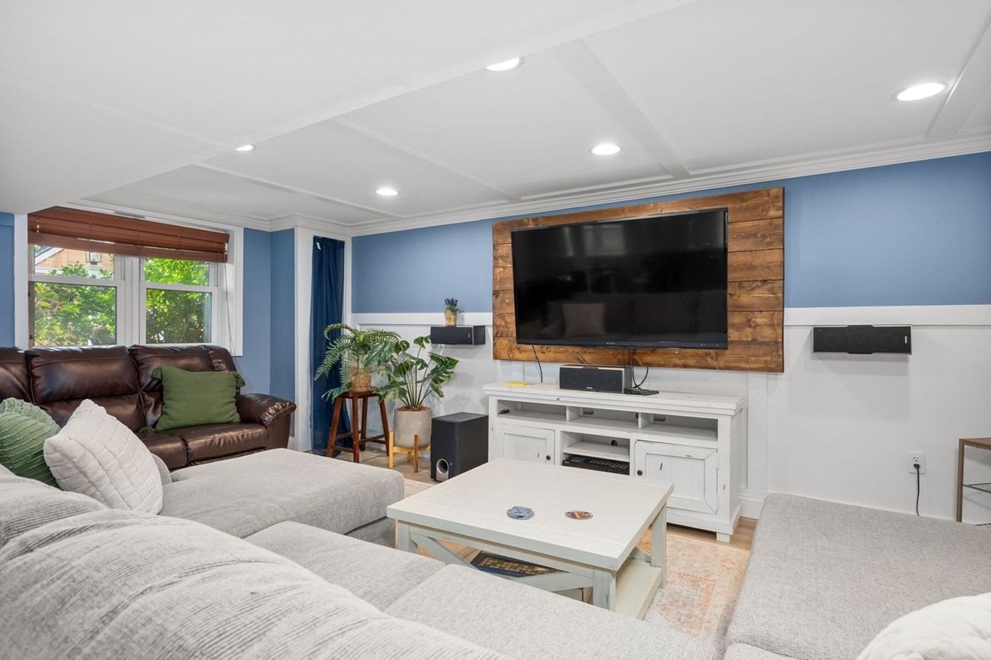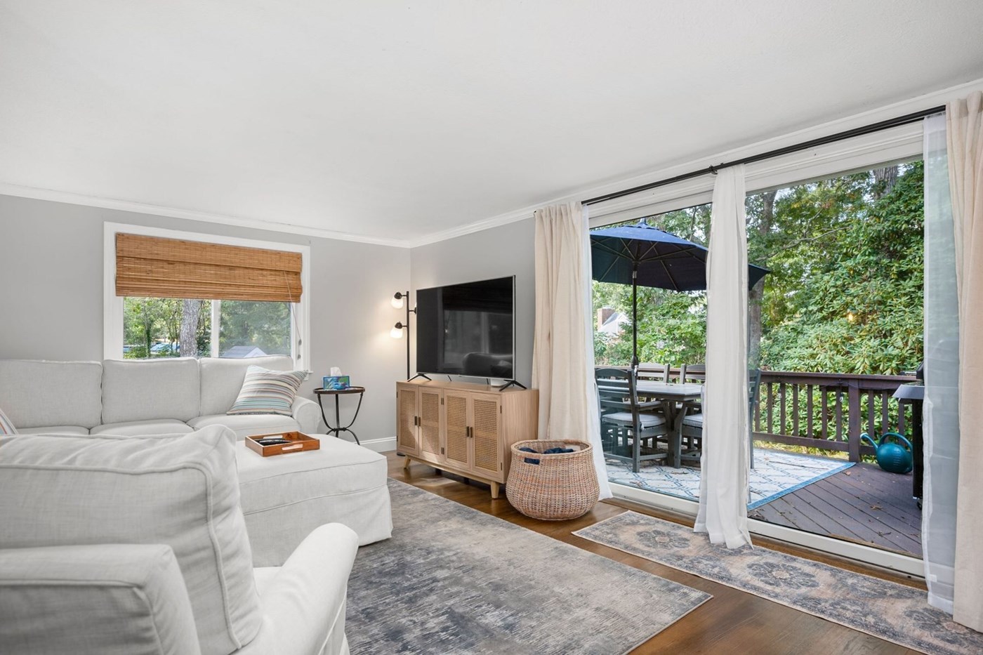 Nearby living room offers easy access to the deck and a comfortable space within which you can gather together to watch your favorite content
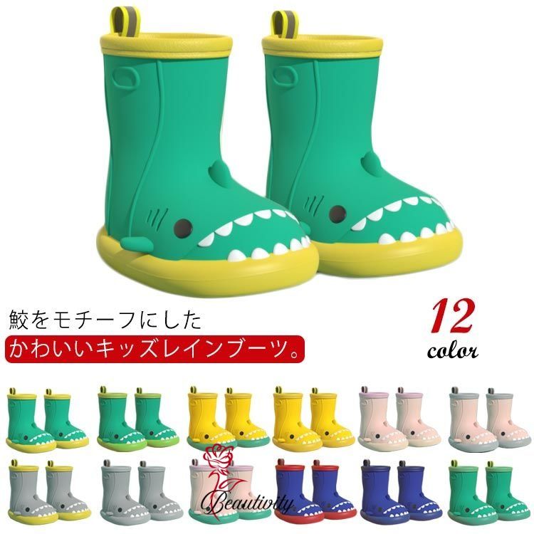 レインブーツ キッズ 長靴 鮫 サメ レインシューズ 子供 防水 雨靴 女の子 男の子 完全防水 シューズ ミドル丈 ショートブーツ 雨 雪遊び 雨の日 通学 通園 お出かけ 子ども 梅雨 雨具 靴 かわいい 歩きやすい 滑り止め カラフル 14cm 15cm 16cm 17cm 18cm 19cm 20cm 21cm
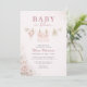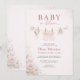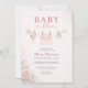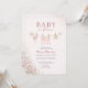 Convite de chá de bebê Baby in Bloom com um doce design de varal de roupa com sotaques de laço rosa suave e detalhes florais delicados. Criado para celebrar sua bebê menina com um estilo charmoso e feminino que se sente caloroso e convidativo. Perfeito para chás de bebê, temas florais e celebrações de primavera. Texto editável para fácil personalização. Layout limpo e pronto para impressão.
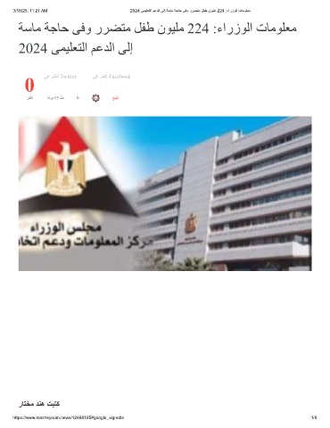 3/18/25, 11:21 AM 2024 ﻰﻣﯾﻠﻌﺗﻟا مﻋدﻟا ﻰﻟإ ﺔﺳﺎﻣ ﺔﺟﺎﺣ ﻰﻓو ررﺿﺗﻣ لﻔط نوﯾﻠﻣ 224 :ءارزوﻟا تﺎﻣوﻠﻌﻣ
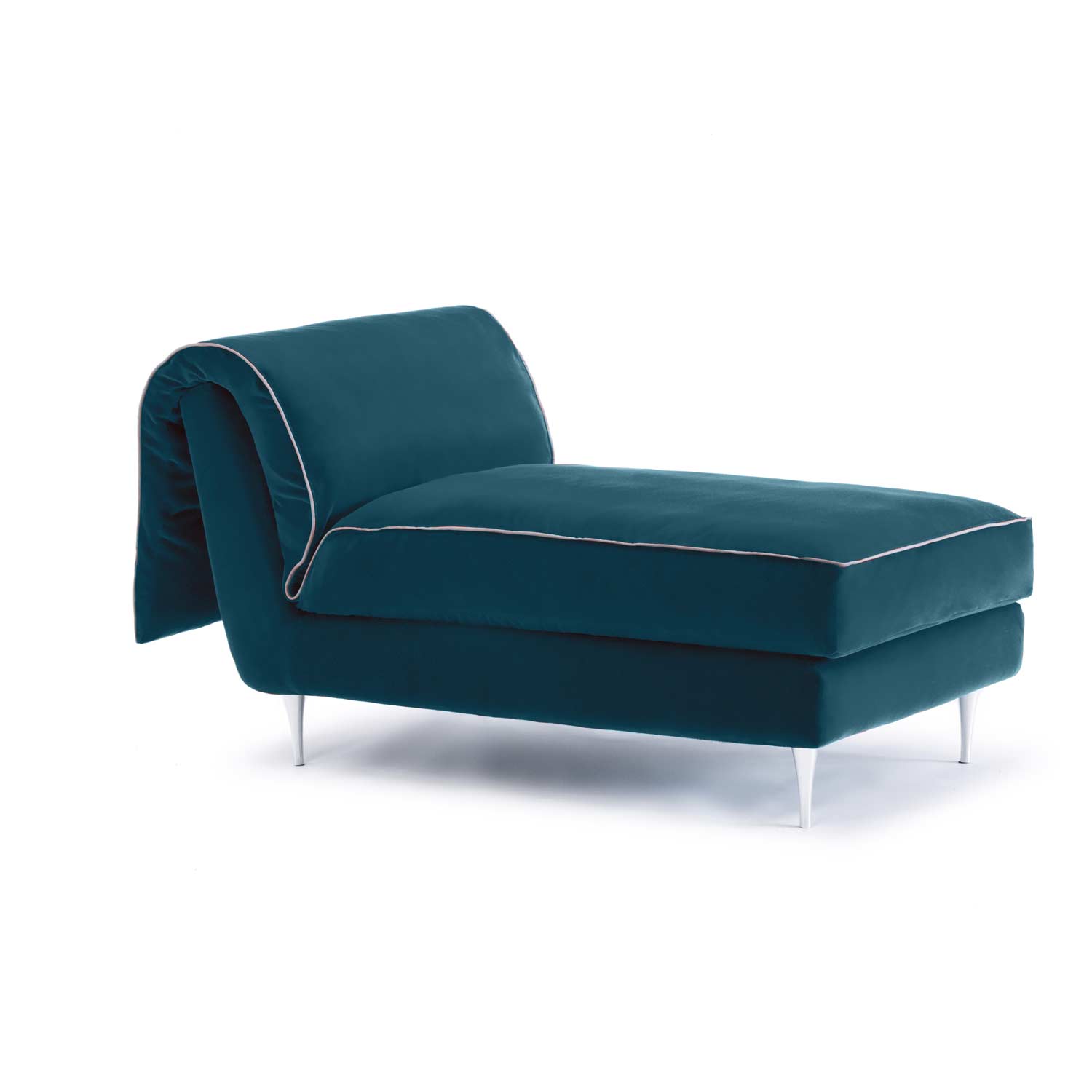 Baco chaise sofa is a Biosofa sofa marketed as a natural-material upholstered design with handmade Italian production. The product page emphasizes natural upholstery/padding materials and customization options for a lower-synthetic interior setup.
──────────
## Work item:
With all pictures left out, please transcribe exactly the lines from the start of the material through the line with "レインブーツ キッズ 長靴".

## Result for this exercise:
 Nearby living room offers easy access to the deck and a comfortable space within which you can gather together to watch your favorite content
 レインブーツ キッズ 長靴 鮫 サメ レインシューズ 子供 防水 雨靴 女の子 男の子 完全防水 シューズ ミドル丈 ショートブーツ 雨 雪遊び 雨の日 通学 通園 お出かけ 子ども 梅雨 雨具 靴 かわいい 歩きやすい 滑り止め カラフル 14cm 15cm 16cm 17cm 18cm 19cm 20cm 21cm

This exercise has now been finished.